Bandyopadhyay Sanghamitra, Mitra Ramkrishna
Machine Intelligence Unit, Indian Statistical Institute, Kolkata 700108, India.
IEEE Trans Nanobioscience. 2009 Jun;8(2):139-46. doi: 10.1109/TNB.2009.2019642. Epub 2009 Apr 10.
Researchers are compelled to use heuristic-based pairwise sequence alignment tools instead of Smith-Waterman (SW) algorithm due to space and time constraints, thereby losing significant amount of sensitivity. Parallelization is a possible solution, though, till date, the parallelization is restricted to database searching through database fragmentation.

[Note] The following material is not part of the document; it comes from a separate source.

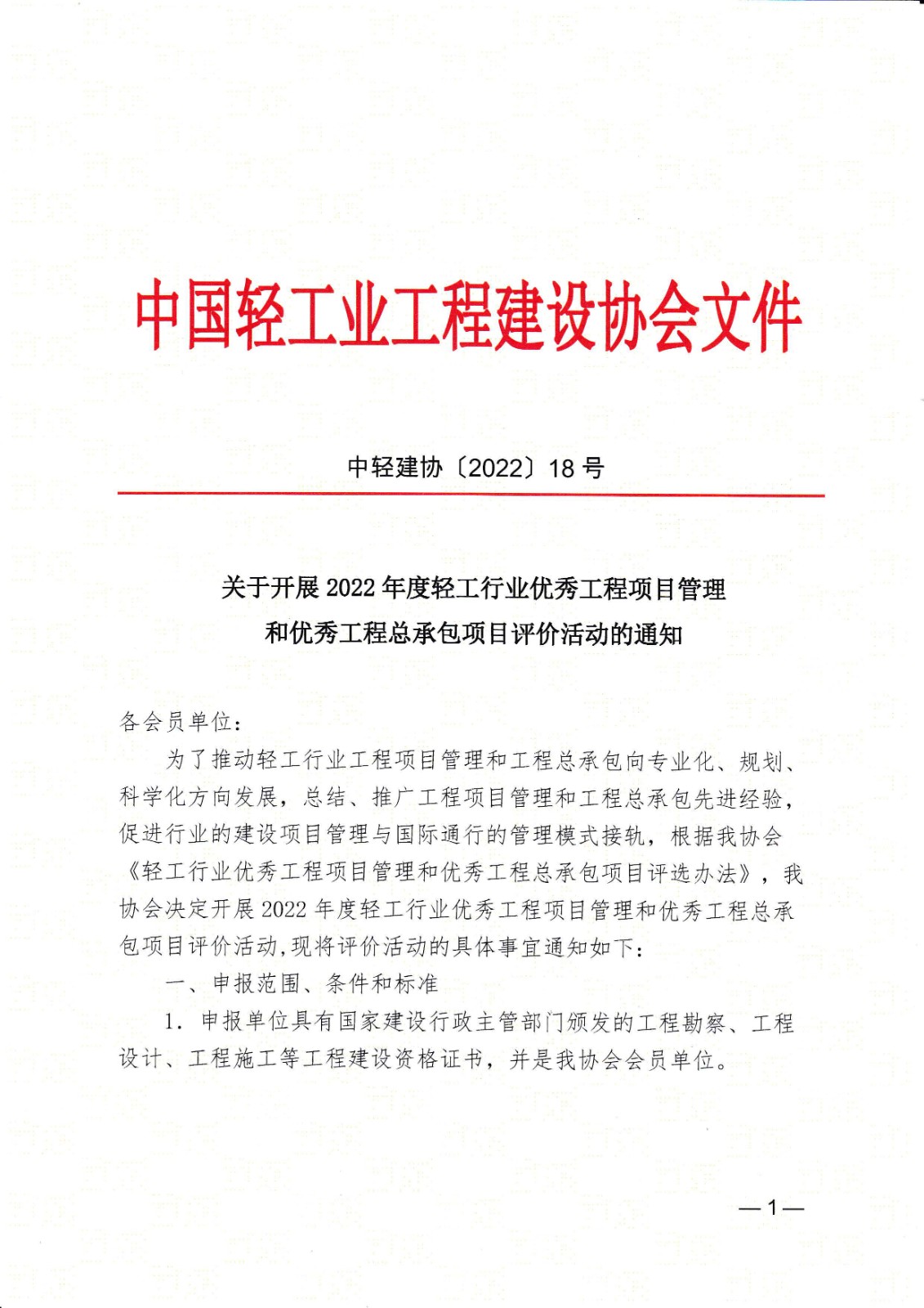 附件1:轻工行业优秀工程项目管理和优秀工程总承包项目评选办法(试行).doc

In this paper, the power of a cluster computer is utilized for developing a parallel algorithm, RPAlign, involving, first, the detection of regions that are potentially alignable, followed by their actual alignment. RPAlign is found to reduce the timing requirement by a factor of upto 9 and 99 when used with the basic local alignment search tool (BLAST) and SW, respectively, while keeping the sensitivity similar to the corresponding method. For distantly related sequences, which remain undetected by BLAST, RPAlign with SW can be used. Again, for megabase-scale sequences, when SW becomes computationally intractable, the proposed method can still align them reasonably fast with high sensitivity.
由于空间和时间限制,研究人员不得不使用基于启发式的成对序列比对工具,而不是史密斯-沃特曼(SW)算法,从而损失了大量的灵敏度。并行化是一种可能的解决方案,不过,到目前为止,并行化仅限于通过数据库碎片化进行数据库搜索。在本文中,利用集群计算机的能力开发了一种并行算法RPAlign,该算法首先检测可能可比对的区域,然后进行实际比对。结果发现,与基本局部比对搜索工具(BLAST)一起使用时,RPAlign将时间需求减少了多达9倍,与SW一起使用时减少了99倍,同时保持与相应方法相似的灵敏度。对于BLAST未检测到的远缘相关序列,可以使用与SW结合的RPAlign。同样,对于兆碱基规模的序列,当SW在计算上变得难以处理时,所提出的方法仍然可以以高灵敏度相当快速地对它们进行比对。